Description Greg Charles 2017-10-27 12:11:15 UTC

Description of problem:
Pacemaker LVM monitors usually take 1 or 2 seconds to complete but periodically can take more than 90 seconds, which exceeds common timeout thresholds and causes services to be restarted in place.  We have tested on systems where we verified there are no storage-related issues that would contribute to this behavior.

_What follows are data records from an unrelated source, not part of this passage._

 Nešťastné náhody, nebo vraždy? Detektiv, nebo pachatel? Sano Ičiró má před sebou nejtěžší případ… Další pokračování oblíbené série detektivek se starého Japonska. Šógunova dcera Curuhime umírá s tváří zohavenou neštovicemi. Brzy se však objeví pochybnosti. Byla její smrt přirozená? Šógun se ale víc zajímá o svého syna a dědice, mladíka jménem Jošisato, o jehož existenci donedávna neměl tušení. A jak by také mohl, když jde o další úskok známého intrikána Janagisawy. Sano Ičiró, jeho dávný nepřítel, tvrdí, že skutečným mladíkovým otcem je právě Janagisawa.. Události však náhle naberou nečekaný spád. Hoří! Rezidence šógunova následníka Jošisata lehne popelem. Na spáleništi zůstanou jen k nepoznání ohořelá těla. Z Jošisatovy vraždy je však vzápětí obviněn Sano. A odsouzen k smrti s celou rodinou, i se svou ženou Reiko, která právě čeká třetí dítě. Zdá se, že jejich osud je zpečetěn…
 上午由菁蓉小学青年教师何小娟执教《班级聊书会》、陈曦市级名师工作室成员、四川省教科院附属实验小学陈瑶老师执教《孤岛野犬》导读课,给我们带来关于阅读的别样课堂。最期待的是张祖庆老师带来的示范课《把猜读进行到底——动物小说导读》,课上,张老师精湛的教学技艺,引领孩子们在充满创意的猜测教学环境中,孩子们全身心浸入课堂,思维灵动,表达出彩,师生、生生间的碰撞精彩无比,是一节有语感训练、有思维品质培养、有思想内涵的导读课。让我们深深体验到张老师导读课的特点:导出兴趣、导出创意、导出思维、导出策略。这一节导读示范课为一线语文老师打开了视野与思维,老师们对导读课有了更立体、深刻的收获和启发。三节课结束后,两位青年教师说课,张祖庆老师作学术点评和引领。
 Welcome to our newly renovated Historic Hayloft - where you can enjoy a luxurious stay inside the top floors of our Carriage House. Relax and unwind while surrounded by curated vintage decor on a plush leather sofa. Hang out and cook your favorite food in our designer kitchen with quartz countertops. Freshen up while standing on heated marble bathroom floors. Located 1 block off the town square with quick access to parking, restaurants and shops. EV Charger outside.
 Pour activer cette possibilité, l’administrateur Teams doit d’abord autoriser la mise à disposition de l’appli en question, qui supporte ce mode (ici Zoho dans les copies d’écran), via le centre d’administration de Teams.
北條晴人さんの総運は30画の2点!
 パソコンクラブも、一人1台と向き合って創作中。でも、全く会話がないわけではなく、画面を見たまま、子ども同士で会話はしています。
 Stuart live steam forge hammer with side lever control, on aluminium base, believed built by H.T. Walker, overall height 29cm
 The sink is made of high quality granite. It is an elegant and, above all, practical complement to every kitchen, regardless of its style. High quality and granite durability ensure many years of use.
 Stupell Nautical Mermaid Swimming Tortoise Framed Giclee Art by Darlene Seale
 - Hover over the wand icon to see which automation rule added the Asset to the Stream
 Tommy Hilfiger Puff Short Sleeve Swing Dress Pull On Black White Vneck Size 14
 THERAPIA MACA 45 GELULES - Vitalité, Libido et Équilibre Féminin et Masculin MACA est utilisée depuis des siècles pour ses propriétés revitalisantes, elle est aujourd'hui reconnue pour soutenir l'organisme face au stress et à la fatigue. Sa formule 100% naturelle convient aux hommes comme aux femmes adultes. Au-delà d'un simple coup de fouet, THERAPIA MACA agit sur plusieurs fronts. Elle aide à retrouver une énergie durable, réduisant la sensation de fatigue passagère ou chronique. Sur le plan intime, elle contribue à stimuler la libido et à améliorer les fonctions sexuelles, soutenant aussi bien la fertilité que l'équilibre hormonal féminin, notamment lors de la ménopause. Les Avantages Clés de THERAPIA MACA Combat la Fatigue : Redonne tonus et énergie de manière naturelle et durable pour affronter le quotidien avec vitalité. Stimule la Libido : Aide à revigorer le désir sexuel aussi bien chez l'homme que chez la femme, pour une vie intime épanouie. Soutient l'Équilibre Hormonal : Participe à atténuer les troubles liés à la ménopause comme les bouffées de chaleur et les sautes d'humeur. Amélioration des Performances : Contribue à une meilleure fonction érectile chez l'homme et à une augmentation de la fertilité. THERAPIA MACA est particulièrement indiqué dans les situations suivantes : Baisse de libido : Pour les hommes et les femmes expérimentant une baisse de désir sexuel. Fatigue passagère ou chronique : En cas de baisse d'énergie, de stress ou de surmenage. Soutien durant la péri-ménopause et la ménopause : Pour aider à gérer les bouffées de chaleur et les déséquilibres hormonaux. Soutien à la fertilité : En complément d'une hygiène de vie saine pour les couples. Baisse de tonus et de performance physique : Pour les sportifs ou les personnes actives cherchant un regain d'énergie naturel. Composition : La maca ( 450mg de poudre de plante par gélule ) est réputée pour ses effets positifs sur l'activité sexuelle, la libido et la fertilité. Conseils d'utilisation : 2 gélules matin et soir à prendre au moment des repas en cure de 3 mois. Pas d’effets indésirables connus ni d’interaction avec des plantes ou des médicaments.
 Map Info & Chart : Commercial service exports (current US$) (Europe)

Investigation has found flock() calls within the vgs and vgscan commands used by the Pacemaker LVM monitor appear to be responsible for the long delays. Increasing the number of active services on a cluster node raises the likelihood that more than one LVM monitor could run at the same time, creating the potential for flock() collisions between them.

Reducing the frequency of Pacemaker LVM monitor runs can help this problem but cannot fully avoid it. The Pacemaker LVM monitor should instead be using methods of verifying volume group availability, etc, that do not cause flock() contention in this way.

Version-Release number of selected component (if applicable):

lvm2-libs-2.02.171-8.el7.x86_64
lvm2-2.02.171-8.el7.x86_64
pcs-0.9.158-6.el7.x86_64

How reproducible:
The Pacemaker clusters we are testing on are comprised of three nodes, all Proliant DL380 G9, 16 CPU, 256GB memory.  The entire cluster runs 19 Oracle database services; the node we are testing on is running just 5 of those services.

Process accounting is enabled to track vgs and vgscan process time when monitoring is initiated by the cluster.  

Strace is used to track vgscan processes (strace -T) as called by Pacemaker.

Volume group monitoring intervals are set to 60 seconds, timeouts are set to 90 seconds.  All other resource monitoring is set to defaults.

Steps to Reproduce:
1. Create several database services utilizing SAN storage (IP resource, volume group resource, 4 lvm resources in the volume group, and the LSB script)
2. Start services and let Pacemaker initiate its own built-in LVM monitoring.
3. Observe process times via accounting on time taken to complete vgs and vgscan processes.
4. Timeouts start being registered in pacemaker.log and reflected in pcs status output for the given service..

Actual results:
Eventually, timeouts against volume group monitoring will show up in Failed Actions in pcs output.  syslogs (pacemaker.log) will show 90000msec timeout failures.  After only a few of these, the given service being monitored will restart in place since the cluster has determined there is an issue.

Expected results:
There should be no timeouts registered since there are no SAN or other storage issues being observed in the cluster.


Additional info:
The following comes from an “strace –T” of vgscan called by a Pacemaker LVM monitor. Elapsed time in seconds is within <>; this shows extended-duration flock() calls. Preceding open() calls are included to show the filenames involved.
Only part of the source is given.